Sandra Wachter, associate professor of law at the University of Oxford, spoke to the author of the article on the BBC about the problem perhaps best known and discussed in the debate on artificial intelligence. According to Wachter, which specializes in data protection and anti-discrimination laws, at present the risk of basing the recruitment of personnel on advanced selection algorithms – without adequate testing phases and error correction procedures – is to neglect some categories of people who are exceptions or minorities in the starting data.

Wachter believes that a selection system based on machine learning but not adequately tested would end up reinforcing rather than eliminating the effects of those biases already present upstream of the data used for training. “Who were the directors in the past? Who were the teachers at Oxford in the past? The algorithms will then select more men », warns Wachter, co-author of a scientific article that proposes notions of“ algorithmic equity ”which has also been used for some time by Amazon. The tests proposed in the article, useful for identifying unintended cognitive biases present in data sets, are in fact part of a suite available for customers of Amazon Web Services, the division of the company that deals with providing cloud systems.

In New York, the city council recently discussed a law proposed by Democratic councilor Laurie Cumbo that would at least partially regulate the use of artificial intelligence systems in personnel selection. If approved, it would oblige companies to openly declare the possible use of such software in evaluating candidate profiles. Companies should also undergo annual reviews of technology tools, to ensure that selection processes are not conditioned by bias, and to make the results available to customers.

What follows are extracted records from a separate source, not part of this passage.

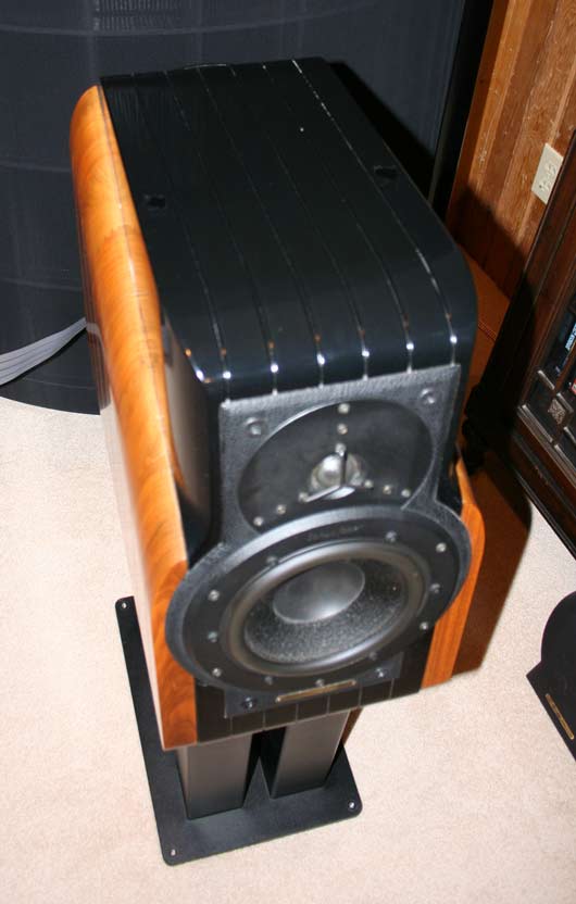 This, and the deepness of the cabinet reveals the philosphy behind the contruction of these speakers: Build a speaker with the wonderful Esotar tweeter and with as much bass as one can possible squeeze into a 50 lb(!) monitor sized box.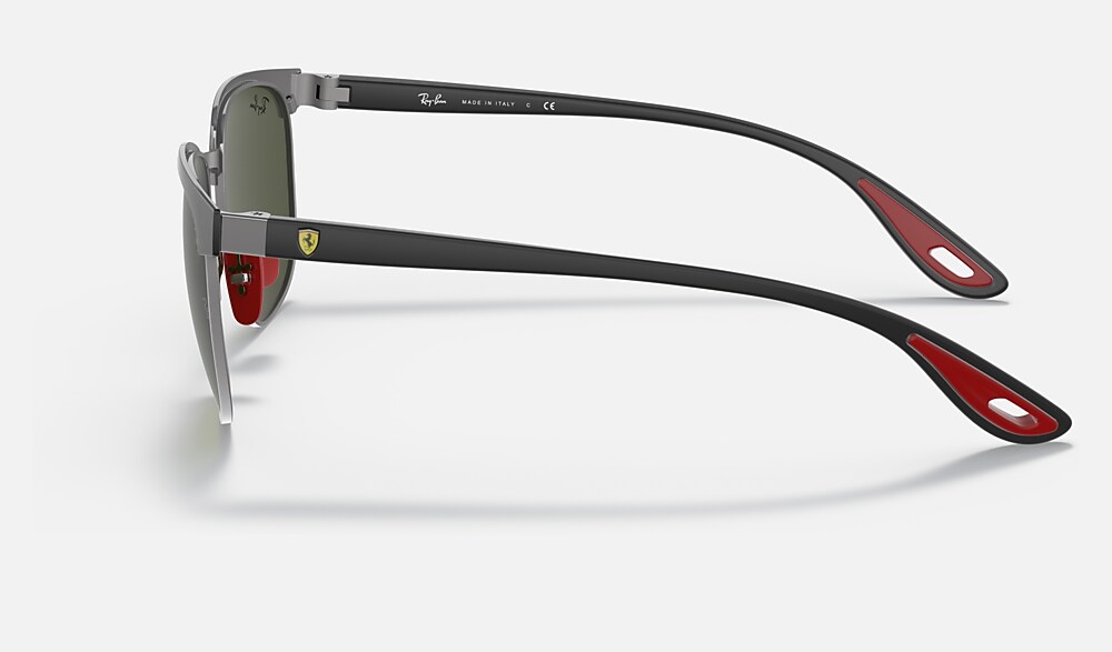 A Ray-Ban icon, redesigned with Ferrari attitude. This model delivers a classic and contemporary look, where agile and slim lines meet. The metal structure combined with dedicated lenses and rubberized temples is finished with red and black Ferrari details.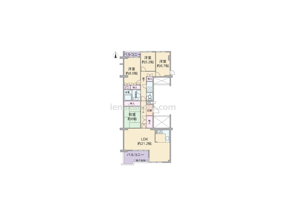 専有面積109.45平米の4LDK。センターインプランで、南北両面バルコニー付き。LDKは広々21.2帖、キッチンは家事効率の良いL字型。リビングと和室は続き間になっており、襖を開ければより広々とリビングを使えます。北側の居室はそれぞれ独立しており、家族間のプライバシーが確保されたプラン。全室に収納は無いものの、廊下物入れが2ヶ所に付いています。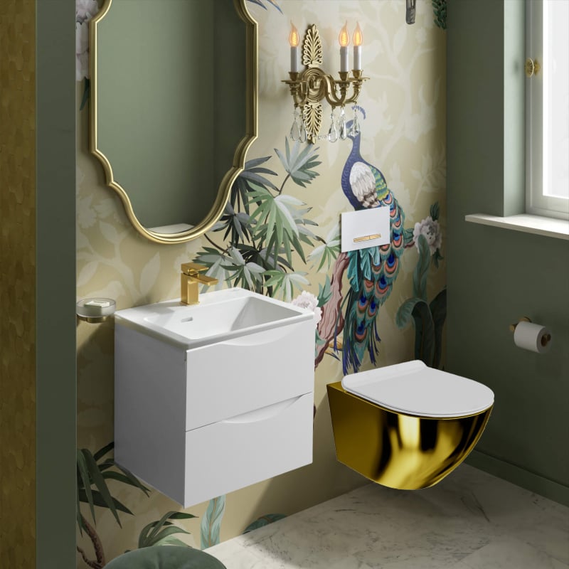 Finisajul auriu-alb adaugă un accent premium: exterior auriu lucios, capac alb-mat, o alegere perfectă pentru amenajări de tip boutique, hotel sau baie de lux. Rimless înseamnă lipsa muchiilor interioare unde se pot acumula impurităţi, ceea ce facilitează întreţinerea şi sporeşte durabilitatea.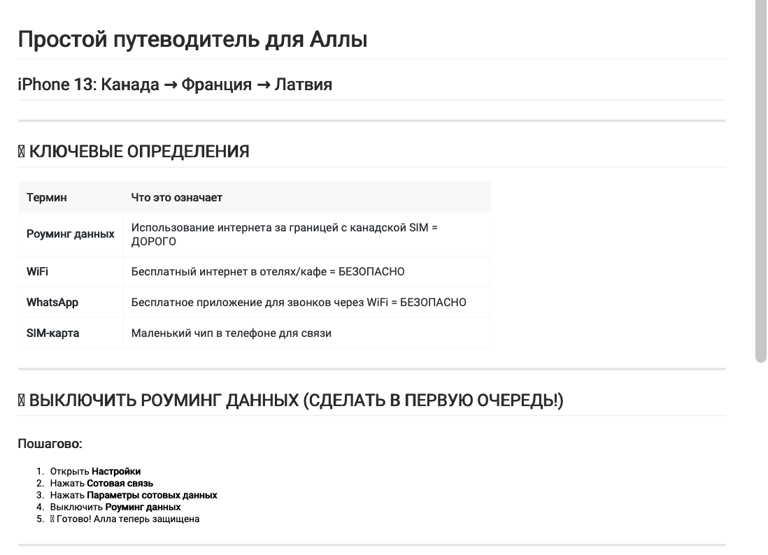 I had Claude write a one-page document in her native tongue (Russian) on how and when to use cellular data the moment she left the house, along with a quick-start guide. I gave Claude her carrier information, her phone brand, and they she had wifi in France, a SIM card in Latvia. I gave Claude her itinerary. It spit out a fantastic guide in Russian.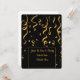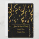 Modelo de convite de festa com confete dourado. Convite de festa de celebração com confete dourado. Personalize sua fonte, estilo, cores e imagens são redimensionáveis. Personalize seu convite de festa. Ótimo para Ano Novo, festa de aniversário ou aniversário de casamento. Simples e limpo em fundo preto. Nota: nenhum metal dourado será usado no design.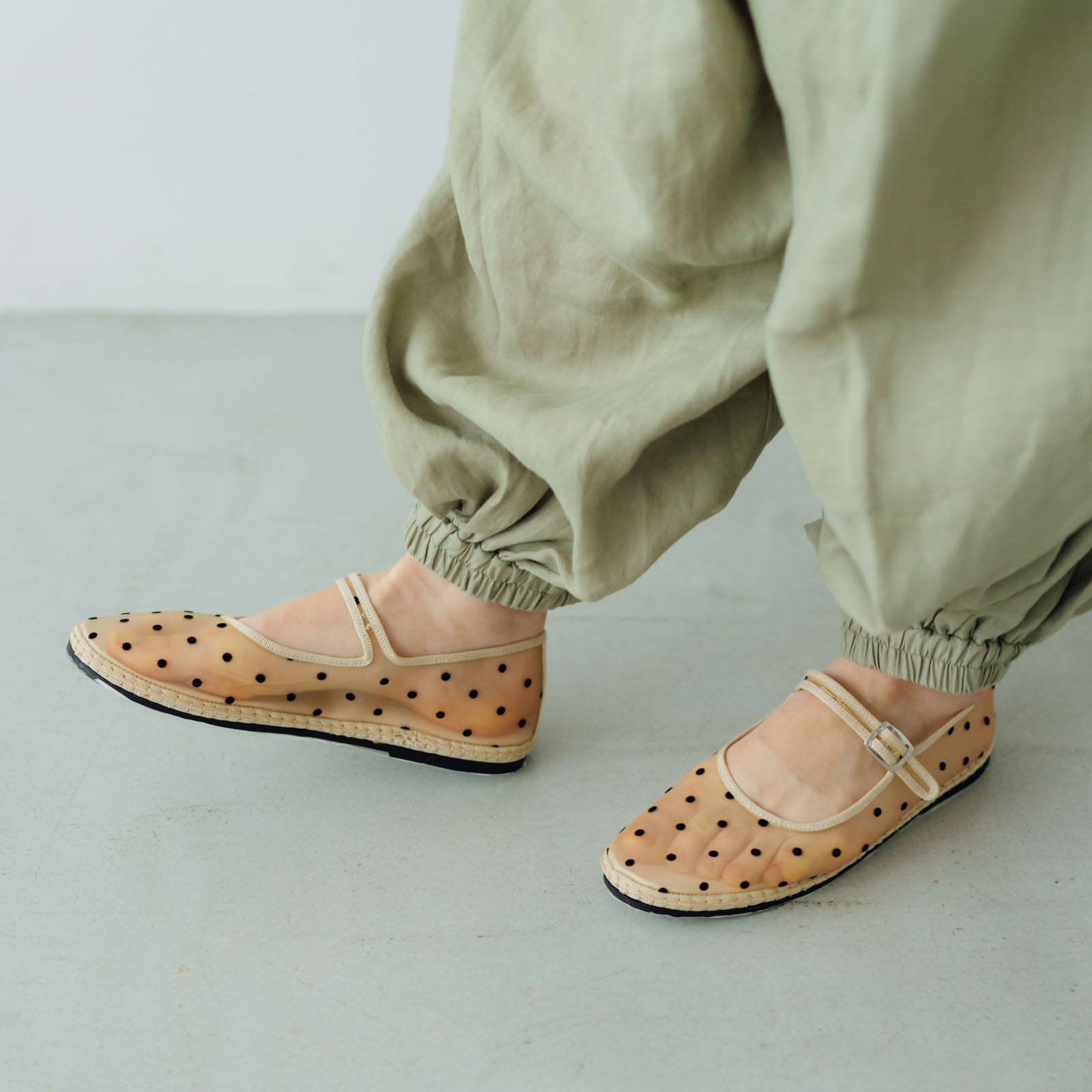 抜け感を添える、ドットのメッシュシューズ

– Read also: The ethics of artificial intelligence

The bill – viewed favorably by several companies, including Pymetrics – has not found unanimous support and has indeed fueled some perplexity regarding the issues it would leave unresolved or aggravate. Some artificial intelligence experts – also supported by authoritative groups such as the National Association for the Advancement of Colored P eople (NAACP), one of the first civil rights associations in the United States – find the measure suggested by Cumbo impractical. Granted that a shared auditing standard can guarantee the absence of biases in the automated selection processes, any flaws or imperfections of that auditing model would only strengthen the existing discriminatory structures by giving them a sort of illegitimate quality certificate.

To be opposed to Cumbo's proposal are the advisors who believe that the software that uses artificial intelligence can identify and correct any biases present in the personnel selection procedures, rather than accentuating them. Therefore, they fear that introducing too strict regulations could make their use unfavorable, thus paradoxically making selections more unfair.